The Cambridge dictionary describes inequality as “the unfair situation in society when some people have more
opportunities, etc. than other people”. The United Nations describes it even more simply as “the state of not being
equal, especially in status, rights and opportunities”.
While the term itself is quite vast and has various interpretations, for the purpose of simplicity, the two large
umbrellas under which we can classify inequality would be economic inequality and social inequality. Both these
categories are deeply intertwined and inequality in one often affects the inequality in another. Over the years,
through its course of study, Oxfam has studied inequality as a grave social injustice and has documented the
incidents and scale of this inequality at a global level.
Economic Inequality
Income
“Income is not just the money received through pay, but all the money received from employment (wages, salaries,
bonuses etc.), investments, such as interest on savings accounts and dividends from shares of stock, savings, state
benefits, pensions (state, personal, company) and rent.”
-The Equality Trust
Wealth
“Wealth refers to the total amount of assets of an individual or household. This may include financial assets, such as
bonds and stocks, property and private pension rights. Wealth inequality, therefore, refers to the unequal
distribution of assets in a group of people”
-The Equality Trust
In India, one of the most distinctive forms of social inequity come within the spheres of gender and caste, where,
people coming from the marginalized sections of these social categories, are directly impacted in terms of their
opportunities, access to essential utilities, and their potential as a whole.

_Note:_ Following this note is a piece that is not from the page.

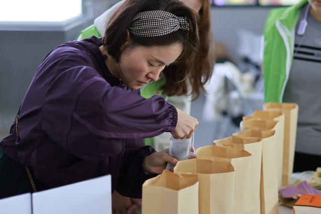 中药文化体验区里,志愿者化身“健康科普员”,向参与者讲解中药香囊的历史故事与药材功效,详细介绍艾叶、薄荷等常见药材的特性。在志愿者的帮助下,大家根据自身需求挑选药材,亲手制作专属“养生香囊”。从药材搭配到香囊缝制,每一个步骤都凝聚着参与者的用心,药香袅袅间,传统养生文化深入人心。

1. Deliver universal free health care, education and other public services that also work for women and girls. Stop
supporting privatization of public services. Provide pensions, child benefits and other social protection for all. Design
all services to ensure they also deliver for women and girls.

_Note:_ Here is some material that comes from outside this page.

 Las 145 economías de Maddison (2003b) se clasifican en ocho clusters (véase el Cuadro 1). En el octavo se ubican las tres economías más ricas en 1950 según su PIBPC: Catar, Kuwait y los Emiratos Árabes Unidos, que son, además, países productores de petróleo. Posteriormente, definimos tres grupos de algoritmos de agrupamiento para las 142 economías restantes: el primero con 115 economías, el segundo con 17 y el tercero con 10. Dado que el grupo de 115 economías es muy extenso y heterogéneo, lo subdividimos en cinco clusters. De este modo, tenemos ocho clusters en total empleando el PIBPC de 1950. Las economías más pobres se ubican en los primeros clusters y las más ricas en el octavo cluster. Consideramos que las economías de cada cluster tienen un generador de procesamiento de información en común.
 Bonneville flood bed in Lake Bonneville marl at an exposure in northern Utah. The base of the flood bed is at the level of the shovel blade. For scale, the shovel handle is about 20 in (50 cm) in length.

2. Free up women's time by easing the millions of unpaid hours they spend every day caring for their families and
homes. Let those who do this essential work have a say in budget decisions and make freeing up women’s time a
key objective of government spending. Invest in public services including water, electricity and childcare that
reduce the time needed to do this unpaid work. Design all public services in a way that works for those with little
time to spare.
3. End the under-taxation of rich individuals and corporations. Tax wealth and capital at fairer levels. Stop the race
to the bottom on personal income and corporate taxes. Eliminate tax avoidance and evasion by corporates and
the super-rich. Agree to a new set of global rules and institutions to fundamentally redesign the tax system to make
it fair, with developing countries having an equal seat at the table.